Pair, who was an advisor for about two decades, disputed that and contended that Barclays' claims on the promissory note should be heard in a New York court, not FINRA arbitration, per a clause in the contract.
The promissory note Pair signed in December 2010, replacing an earlier one, says he "expressly agrees that any and all actions to enforce the terms of this note shall be litigated only in the state or federal courts sitting in the state and county of New York and in no other, and borrower hereby consents to the jurisdiction of said courts."
That promissory note was between Pair and Barclays Bank, per court documents. The day after his termination, the note was transferred from Barclays Bank to Barclays Capital, which is a different unit of the British firm and also a member of FINRA. The firm argued that any dispute between it and Pair had to be heard in FINRA arbitration as Barclays Capital was a member of the self-regulatory organization.
Despite Pair's protest, the FINRA arbitrators heard the case and issued its (their?) decision in December 2015, according to a copy of the award. Pair, who represented himself during arbitration hearings, hired Kuglar as his attorney for the civil case they filed last year.
Story's ruling hinged on the language in the promissory note because this was the contract Barclays was attempting to enforce.
"Reviewing that language independently, the court finds no evidence that Mr. Pair agreed to arbitrate the dispute over the new note before a FINRA panel," the judge ruled.
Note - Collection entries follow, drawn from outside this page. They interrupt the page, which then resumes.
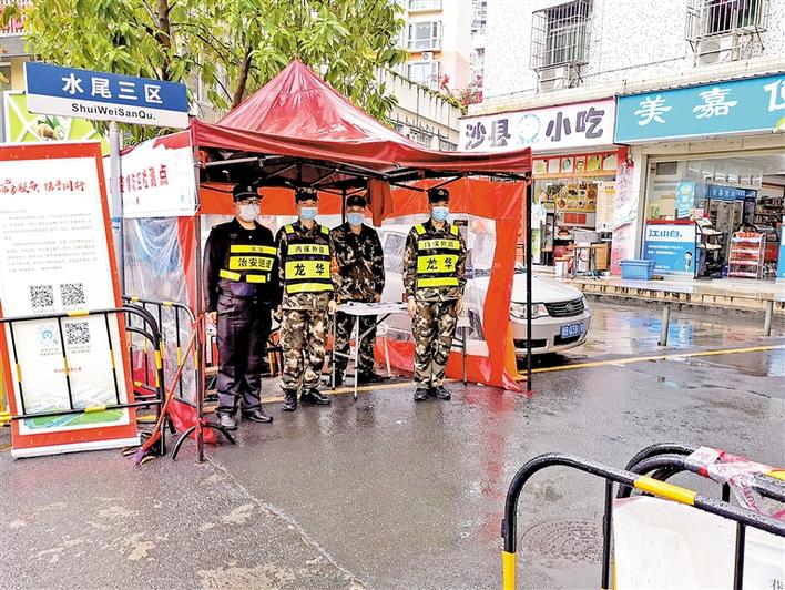 民强社区工作人员在雨中坚守社区卡点。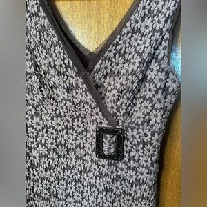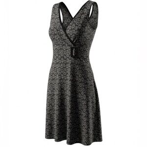 • Details: Faux wrap front with a decorative black buckle accent at the waist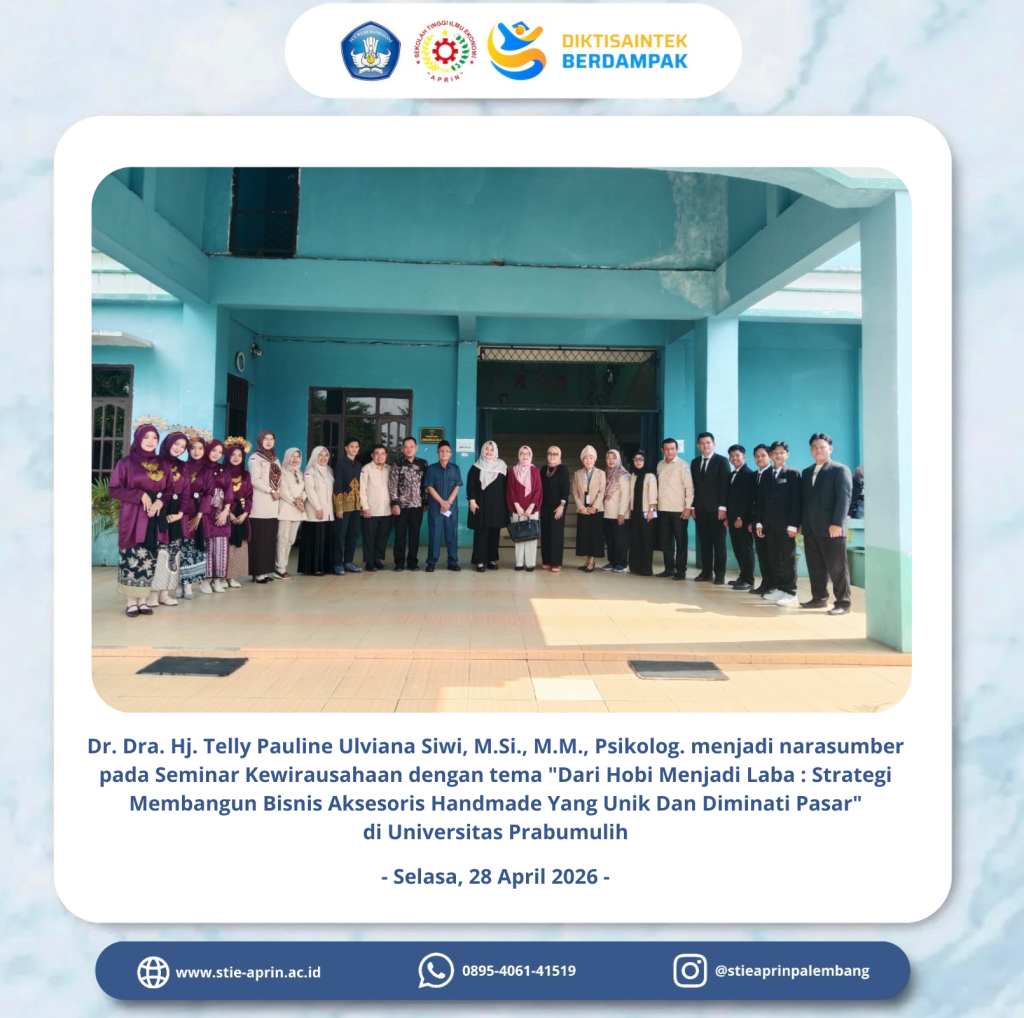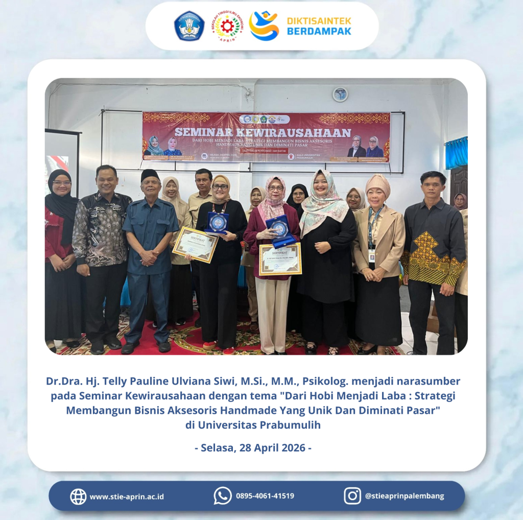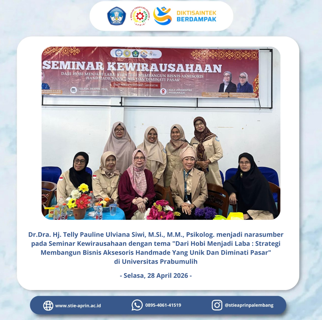 Dr. Dra. Hj. Telly Pauline Ulviana Siwi, M.Si., M.M., Psikolog, hadir sebagai narasumber dalam Seminar Kewirausahaan yang diselenggarakan oleh Universitas Prabumulih dengan mengangkat tema “Dari Hobi Menjadi Laba: Strategi Membangun Bisnis Aksesoris Handmade yang Unik dan Diminati Pasar.”
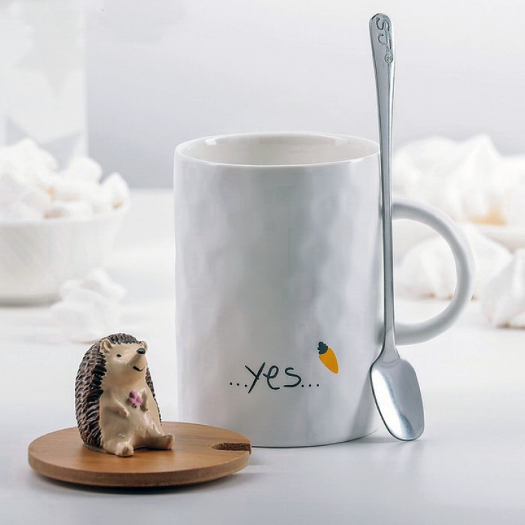 Кружка "Yes" з задоволеним їжачком на дерев'яній кришці з ложкою 375 мл

He also noted language in the contract that emphasized it superseded any previous agreements, and therefore raised doubts about the arbitrability of the matter; whether you agreed to arbitrate a dispute in the first place.
Story said: "It is doubly difficult to imagine how Mr. Pair could have unequivocally agreed to arbitrate arbitrability in an agreement that does not mention arbitration at all."
Dana Pescosolido, a retired attorney who runs his own mediation and consulting firm, says the judge's decision isn't shocking, given that "the note itself doesn't change the language when you reassign it to another firm."
He adds: "If the court had said that they should have granted the counterclaims – that would have been earth shattering because that would be a case of the court deciding the merits of the case.